While the loss of companies like Toys R Us and Maplin might leave a lot of offline companies biting their fingernails, the important thing to remember is that many brands can come back from the brink of oblivion with the right strategies in place. Here, we're going to look at what the fall of the brick-and-mortar retail world must teach modern managers.
1. Behavior is Changing and Companies Need to Change with It
It's no secret that people are changing the way they engage with services and products. The age of digital transformation has made customers fickler when it comes to brand loyalty, and that means that managers need to work harder to build relationships with their clients. Today, it's not about offering customers the lowest price, or even the widest selection of products - but giving your clients the experience, they're looking for both online, and offline.
Modern managers and leaders need to be willing to embrace the chances in the marketplace and adapt to them when they happen. People who fall behind the latest trends are the ones that will end up closing because they can no longer serve a new generation of customers.

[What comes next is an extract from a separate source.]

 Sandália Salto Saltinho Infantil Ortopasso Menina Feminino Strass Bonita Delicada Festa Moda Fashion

2. Technology Drives Modern Business
It's hard to believe that many companies in the world today are still trying to get by without any form of digital strategy. Even if an organization doesn't want to do all of it's marketing online, it still needs to try to be present on the right digital platforms, otherwise it will fail to make an impression in its target audience. Today's customers are constantly online. Even if they're planning on going to a store in-person, they will start their search by looking online for the company that can offer the best experience or service. This means that managers don't just need to advertise online, they need to handle their reputation in the online sphere too - and that's where PR expertise starts to become so important.

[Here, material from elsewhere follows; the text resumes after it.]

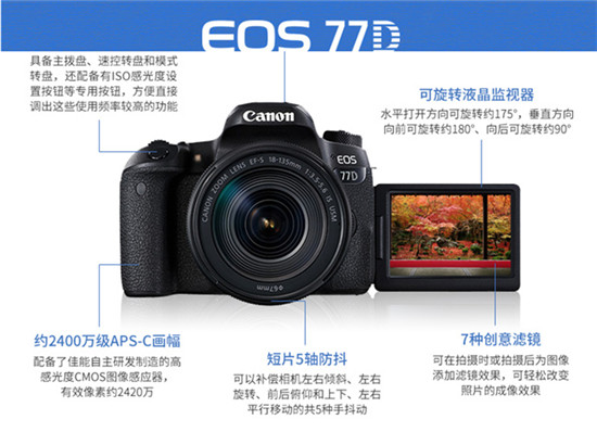 最后,不得不提的佳能77D,雙套對焦系統(tǒng)的高性能單反機,攝影愛好者的新選擇,專業(yè)的操作系統(tǒng)實用便捷的相機設(shè)計,雙核自動對焦5軸防抖,內(nèi)置WiFi/NFC/藍(lán)牙,照片及時分享,兼顧了便攜的體積與專業(yè)的操控,同時在機身性能上也有著不俗的配置。而在畫質(zhì)、控噪方面,77D同樣有著良好的表現(xiàn)。

3. Reputation is Everything
Finally, one of the biggest reasons that big-name corporations like Toys R Us are failing today, is that people aren't talking about them anymore. For years, these companies simply sat on the sidelines while other digital startups used their social media platforms and PR programs to generate buzz.
In a world where customers are more empowered, and curious than ever before, no company can afford to be silent. Reputation is something that every manager needs to create on behalf of their brand. If a leader isn't actively shaping the way their company looks, then they're running the risk that people will take their image the wrong way - or worse, stop talking about them altogether.